ASSIGNMENT:
Below are several records. Retype exactly those lines running from the one with "運営していた鉄道事業者により" through the one with "図15: ネオッチエラ・アルボキンクタ ( Neottiella", end lines included, and no others.

EXERCISE INPUTS:
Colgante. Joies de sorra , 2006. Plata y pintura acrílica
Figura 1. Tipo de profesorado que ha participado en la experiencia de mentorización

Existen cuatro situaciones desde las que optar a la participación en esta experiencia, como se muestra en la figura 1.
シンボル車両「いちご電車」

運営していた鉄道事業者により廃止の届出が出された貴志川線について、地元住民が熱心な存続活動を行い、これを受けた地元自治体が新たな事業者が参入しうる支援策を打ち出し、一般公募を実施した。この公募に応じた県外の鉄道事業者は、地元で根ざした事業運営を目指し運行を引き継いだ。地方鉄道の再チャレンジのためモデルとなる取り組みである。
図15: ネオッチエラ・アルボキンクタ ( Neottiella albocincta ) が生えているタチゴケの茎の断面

* * *

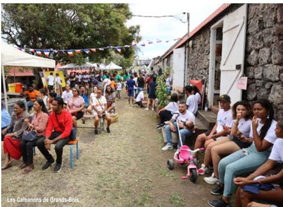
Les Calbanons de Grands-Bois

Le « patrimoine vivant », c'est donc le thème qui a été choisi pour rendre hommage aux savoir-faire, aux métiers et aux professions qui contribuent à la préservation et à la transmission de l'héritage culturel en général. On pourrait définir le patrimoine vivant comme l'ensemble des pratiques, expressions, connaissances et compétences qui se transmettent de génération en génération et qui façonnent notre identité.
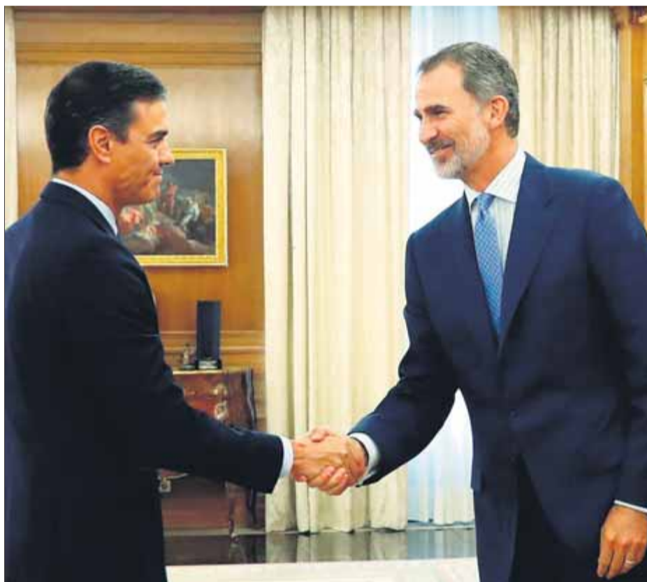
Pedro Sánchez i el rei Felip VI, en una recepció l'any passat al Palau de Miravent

TASK RESULT:
運営していた鉄道事業者により廃止の届出が出された貴志川線について、地元住民が熱心な存続活動を行い、これを受けた地元自治体が新たな事業者が参入しうる支援策を打ち出し、一般公募を実施した。この公募に応じた県外の鉄道事業者は、地元で根ざした事業運営を目指し運行を引き継いだ。地方鉄道の再チャレンジのためモデルとなる取り組みである。
図15: ネオッチエラ・アルボキンクタ ( Neottiella albocincta ) が生えているタチゴケの茎の断面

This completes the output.